Experimental program
Comparison scheme
Effect test

Embodiment 1

[0168] Example 1 - Identification of NRT1.1B / OsNPF6.5

[0169] A wide range of rice varieties for nitrate and ammonium uptake and utilization were analyzed, including 34 indica and japonica cultivars. exist 15 in indica rice after N-nitrate labeling 15 N accumulation was significantly higher than that of japonica rice ( Figure 7 a), while in 15 Between indica and japonica rice after N-ammonium labeling 15 The difference in N accumulation was not statistically significant ( Figure 7 b). This analysis pointed out that indica rice actually had higher nitrate uptake activity than japonica rice. To identify genetic variants associated with divergent use of this nitrate, localization mapping was performed using chlorate, a toxic analog of nitrate. After testing 134 rice cultivars using the chlorate sensitivity assay, indica cultivars could be phenotypically distinguished from japonica cultivars by significantly higher chlorate sensitivity ( Figure 7 c). The...

Embodiment 2

[0179] Embodiment 2——NRT1.1B SNP analysis

[0180] Sequence analysis revealed two single nucleotide polymorphisms (SNPs) within the coding sequence (CDS) of NRT1.1B between Nipponbare and IR24. SNP1 (c.980C>T) results in a missense mutation where threonine (Thr) in Nipponbare corresponds to methionine (Met) in IR24 (p.Thr327Met substitution), while SNP2 is a synonymous nucleotide substitution (c.1335G>C)( figure 1 d). SNP1 and SNP2 in NRT1.1B were also detected between the parents JX17 and ZYQ8 used for qCHR10 mapping (Table 3), confirming the previous speculation that NRT1.1B corresponds to qCHR10. Amino acid substitutions in NRT1.1B-Nipponbare / IR24 occur in the central cytoplasmic loop (CCL), which is critical for trafficking function. This led us to hypothesize that NRT1.1B mutations caused by SNP1 may be responsible for the divergence in chlorate sensitivity and nitrate utilization between Nipponbare and IR24.

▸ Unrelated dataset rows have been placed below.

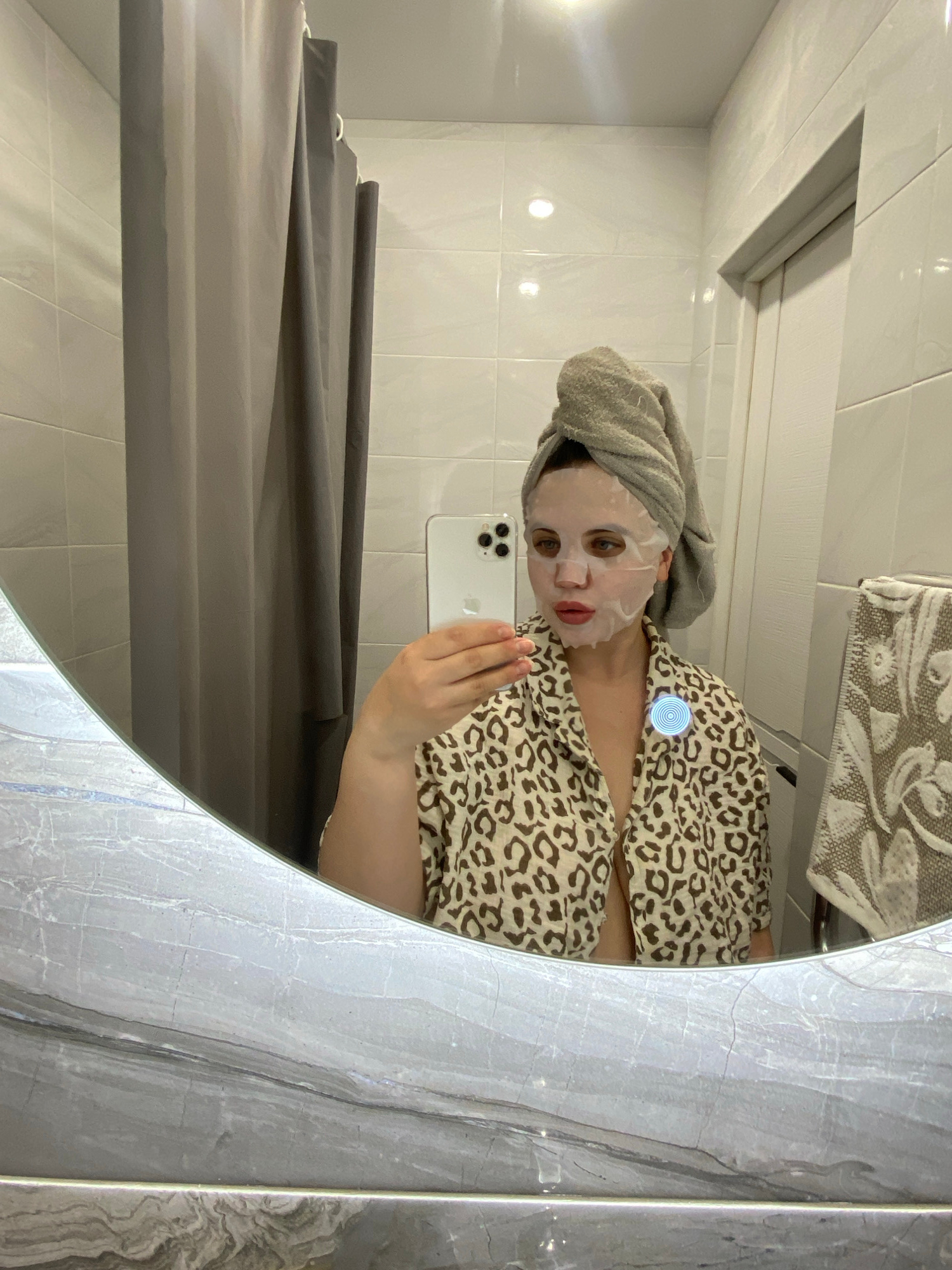 A person is taking a selfie in a bathroom. The reflection in a round mirror reveals a woman wearing a facial mask and a towel on her head, clad in a leopard-print robe. She is holding a smartphone. A…read more
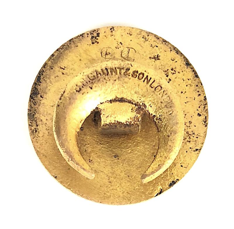 A scarce original First World War 'On War Supplies S.M.W Company Limited 1915 identification badge', circular gilt brass example bearing yellow enamel title surround with company name to centre on green enamel ground; the reverse impressed with maker's details 'J.R.GAUNT & SON LONDON' and with engraved low issue number '53'. Very good condition, complete with original buttonhole lapel fitting, no damage to the enamel.
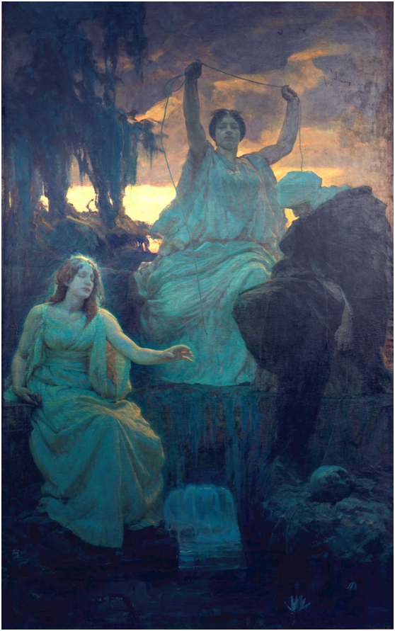 ▲ [奥] 阿洛伊斯·德鲁格《诺伦三女神》,1895年,布面油画,354 x
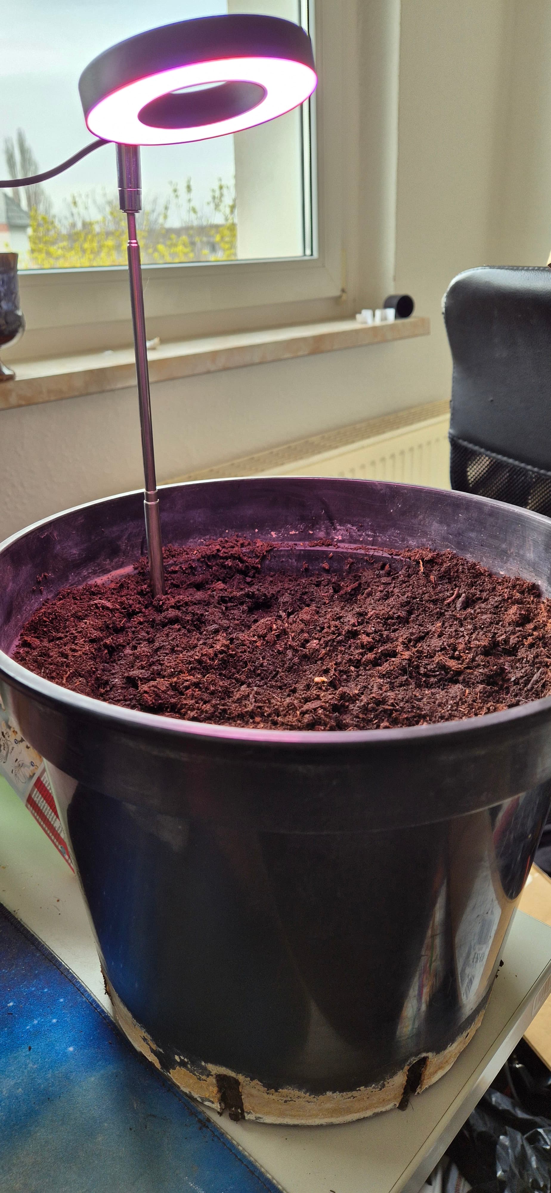 Ich bin mir noch nicht so sicher, ob die Billig LED von Amazon aktuell genug Licht oder sonstiges Liefert. Die Fensterbank ist Leider auch nach Norden ausgerichtet, also direktes Sonnenlicht ist aktuell leider schwierig. Die Billo Lampe leuchtet 18 Stunden am Tag. Ich hab mich auch noch nicht belesen, was ich am Besten an Dünger nehmen soll. Die Auswahl ist da einfach zu Groß. Die Baumarkt Erde ist ja erstmal vorgedüngt.
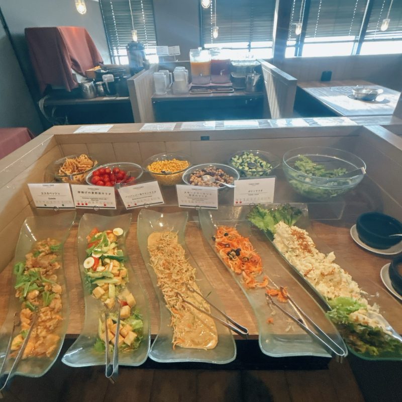 こちらはサラダ。奥にあるのがドリンクバー。

[0181] RNA extraction, cDNA preparation, and...

Embodiment 3

[0187] Example 3 - Verification of the NRT1.1B allele

[0188] To test the hypothesis, near isogenic lines (NILs) were further examined, including the NRT1.1B-IR24 allele in the Nipponbare background ( Figure 8 e). Compared with Nippon Fine, NIL is in 15 Chlorate sensitivity was shown after N-nitrate labeling ( figure 1 e) and 15 N accumulation ( figure 1 f and Figure 8 f) significant increase. Transgenic analysis of NRT1.1B-Nipponbare / IR24 under the control of the CaMV 35S promoter or its corresponding native promoter showed that, in 15 15N accumulation in NRT1.1B-IR24 transgenic plants after N-nitrate labeling was higher than in NRT1.1B-Nipponbare transgenic plants ( figure 1 g and Figure 9 a-c). Furthermore, the transcript expression of NRT1.1B in NIL or IR24 was similar or even lower than that of Nipponbare ( Figure 9 d), The possibility that differences in gene expression lead to functional variation in these two NRT1.1B alleles is ruled ...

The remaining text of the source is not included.